If India is to seize the advantage of its burgeoning young workforce, it needs to strategically implement economic and industrial policies.

These women are just four of 350 million students expected to graduate in coming years. (Adam Jones, Flickr)

By Jayan Jose Thomas, Indian Institute of Technology Delhi

NEW DELHI, Nov 17 – There is a new urgency in India to create jobs for the rapidly growing number of young people set to enter the workforce in the next two decades.

India’s economy and the labour-force are undergoing a structural transformation, which is fuelling the urgency to generate new jobs. As recently as 2017-18, agriculture-related jobs were the source of livelihood for 41.8 per cent of India’s workforce, which numbered 457.6 million.

A significant shift away from agriculture has occurred since the mid-2000s, and the process is likely to speed up in coming years. That would result in several million workers leaving their rural homes to seek non-agricultural jobs in towns and cities. 

In 2018 the student population in India was 350.4 million, representing a quarter of the country’s total population (1,316.3 million), and was more than 75 per cent of the size of its existing workforce.

This enormous wave of students will enter the labour market in future years, and their job aspirations will be much greater than those of their parents. 

The 15- to 59-year-olds engaged in neither agricultural work nor enrolled in education form a potential supply of workers — emphasis on the word potential — for industry, construction, and the services sectors. 

Between 2012 and 2018, the supply of potential workers for industry, construction and the services sectors grew by 17.5 million a year in India. But the actual movement into these sectors was only 4.5 million a year.

Employment growth in the construction sector slowed in rural India after 2012. The size of India’s manufacturing employment shrunk between 2012 and 2018, with women and workers in micro and small enterprises suffering most of the job losses.

The mismatch between the potential supply and actual demand for workers in the non-agricultural sectors has been at the core of the employment crisis that India is facing today. 

There has been a sharp climb in unemployment rates, especially among the young.

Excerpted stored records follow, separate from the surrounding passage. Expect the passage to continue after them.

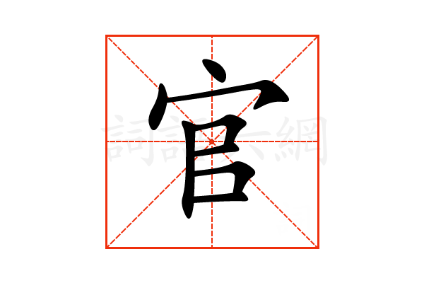 官,通用规范汉字,一级汉字,序号1281,读音是(guān),宀部,共8画,会意字,上下结构,五行属木。
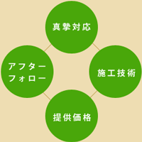 当社はお客様のご要望に真摯に対応する姿勢、施工技術の高さ、サービスを提供する価格、施工後も安心してお任せいただけるアフターフォロー。 四位一体を柱にするリフォーム会社です。
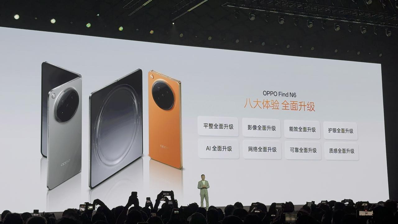 OPPO Find N6正式发布,12GB+256GB为9999元,16GB+512GB为10999元,16GB+1TB卫星通信版11999元,比上代涨价1000元。OPPO Find N6 升级亮点: T0级折叠平整度,屏幕折痕超平整 第五代骁龙8至尊版(七核) 6000毫安时电池,80W有线充电 哈苏2亿像素主摄 支持66个网络频段 全景自由窗再升级,新增支持AI手写笔
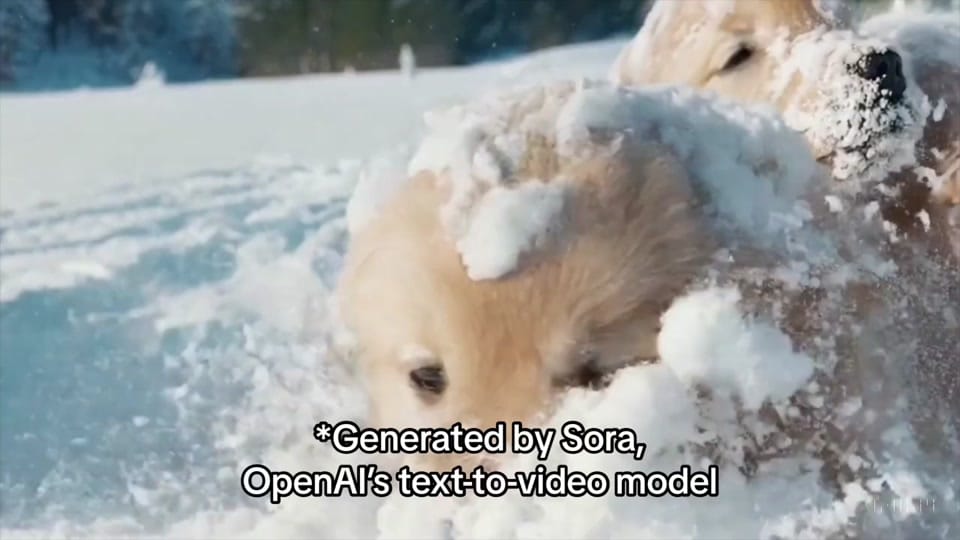 This video was generated by our text-to-video model, Sora. Prompt: “A litter of golden retriever puppies playing in the snow. Their heads pop out of the snow, covered in.”
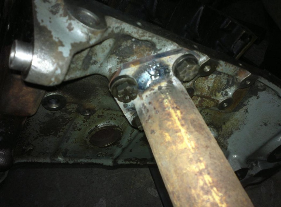 С обратной стороны и на кронштейне сделал 3 отверстия сверлом на 12 для болтов, после притянул.
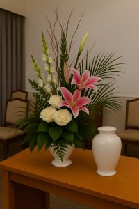 Offrez un dernier hommage empreint d’élégance avec nos arrangements floraux pour urne funéraire, créés avec soin par nos fleuristes professionnels à Sherbrooke. Chaque composition allie beauté, respect et délicatesse, pour accompagner dignement la mémoire d’un être cher. Livraison rapide et soignée dans la région de Sherbrooke.
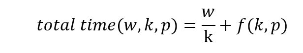 There are really two parameters that increase opportunities for parallel computation in Spark.   One is the total number of available cpu cores and how they are distributed over worker servers.   The other parameter is how we have partitioned the RDDs.   If we let k be the number of partitions of the data and let W be the amount of total time needed to execute the program when k = 1. If k is less than the number of available cores to do the computation and if the work divides up perfectly, the time to complete the execution will be W/k. This assumes that one cpu core is available do to the computation on each of the k partitions. However, work does not divide up perfectly. Reduction operations require data shuffling between workers and task scheduling overhead increase as k increases.   If we assume that overhead is a function of k and the number of available cores p, f(k,p), then the total time will be
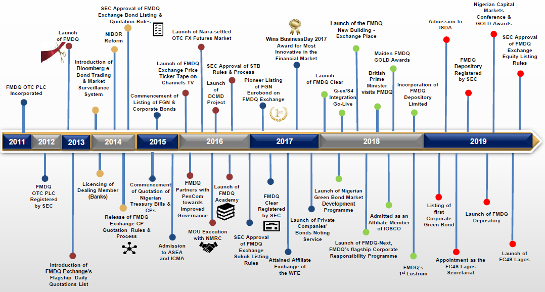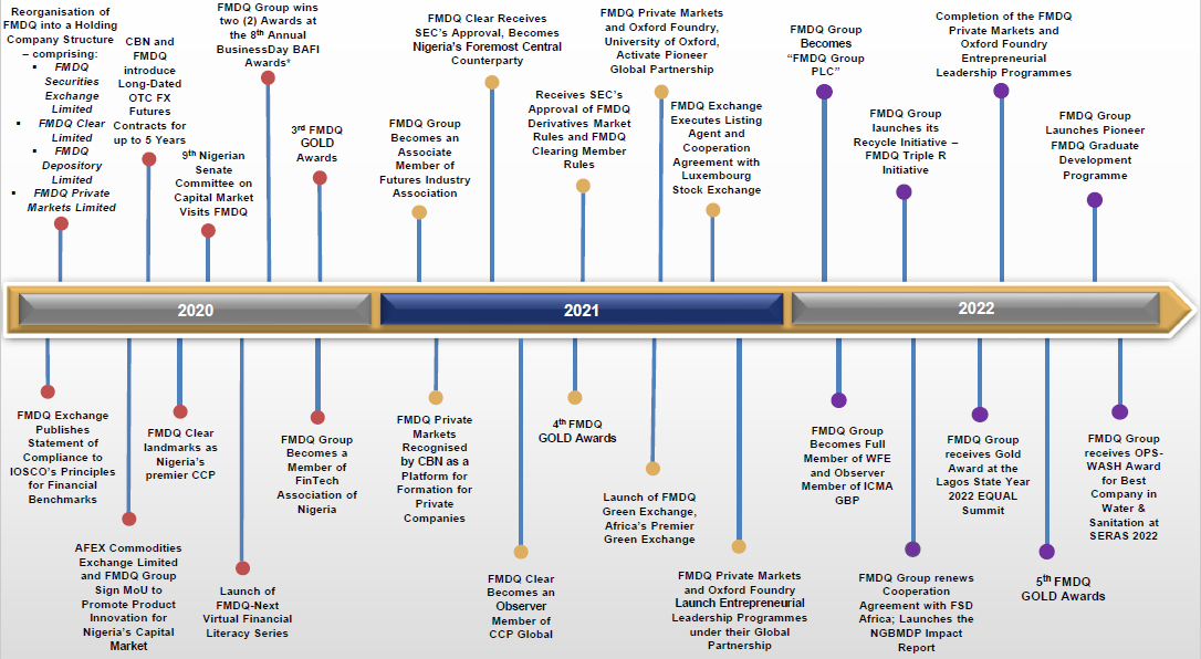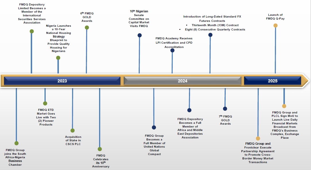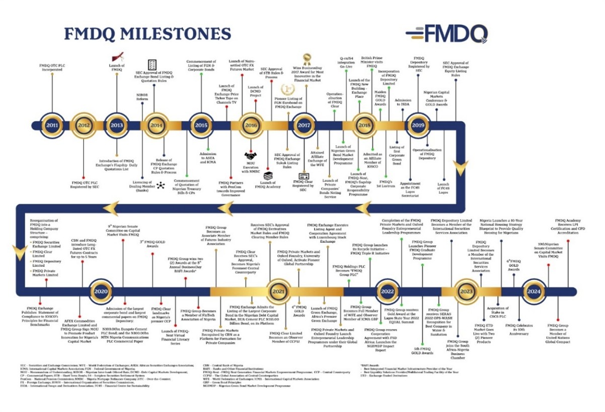 FMDQ Group PLC (“FMDQ Group”), has evolved over the years from an OTC Market to a full-fledged Securities Exchange, to a budding financial market infrastructure (FMI) Group, now structured as a Securities and Exchange Commission (SEC)-registered Capital Market Holding Company, warehousing five (5) wholly owned subsidiaries, including FMDQ Securities Exchange Limited (Nigeria’s Largest Exchange by Market Turnover – with an annual average of c. ₦203.80 trillion over the last ten (11) years), FMDQ Clear Limited (Nigeria’s Foremost Central Counterparty – with c. $67 billion derivatives contracts cleared), FMDQ Depository Limited (Nigeria’s Integrated Securities Depository), FMDQ Private Markets Limited (Nigeria’s Private Capital Information Repository) and iQx Consult Limited (an Information Technology Services Company).
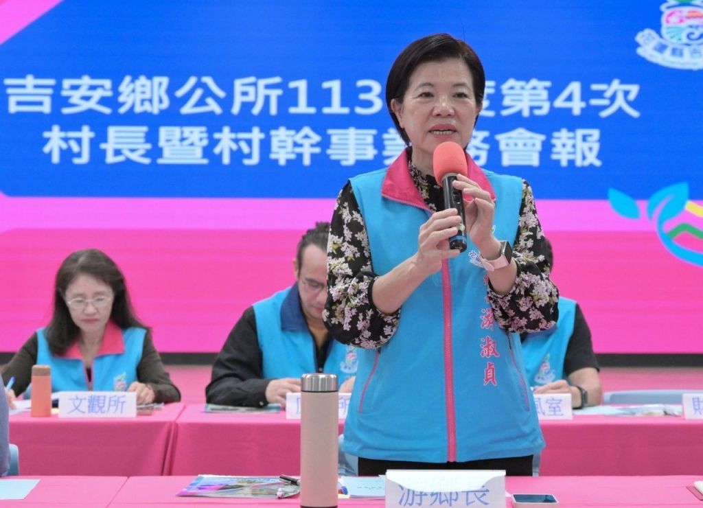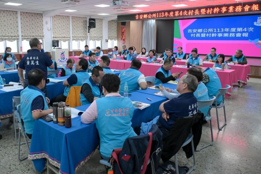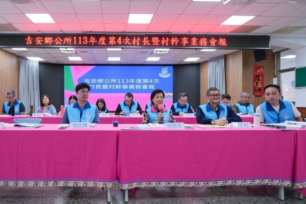 吉安鄉公所攜手十八村長推動基礎建設與社會服務措施,持續深化基層服務,日前召開113年度第四次村長暨村幹事業務會報,鄉長游淑貞親主持並偕同各課室所主管出席,除針對過去執行鄉政成果及瓶頸提案進行討論外,盼藉村鄰長與村幹事服務網絡,將最新資訊傳遞鄉親知悉並落實服務於地方基層。

The unemployment rate among 15- to 29-year-old men in India skyrocketed from 5.9 per cent in 2012 to 17.7 per cent in 2018. 

The growth of non-agricultural employment opportunities for women has been particularly slow over the last two decades. As a result, women began to leave the labour force in ever-greater numbers.

The proportion of 15- to 29-year-old women who reported their status as attending domestic duties, and not in the labour force, increased from 46.3 per cent in 2005 to 51.7 per cent in 2018.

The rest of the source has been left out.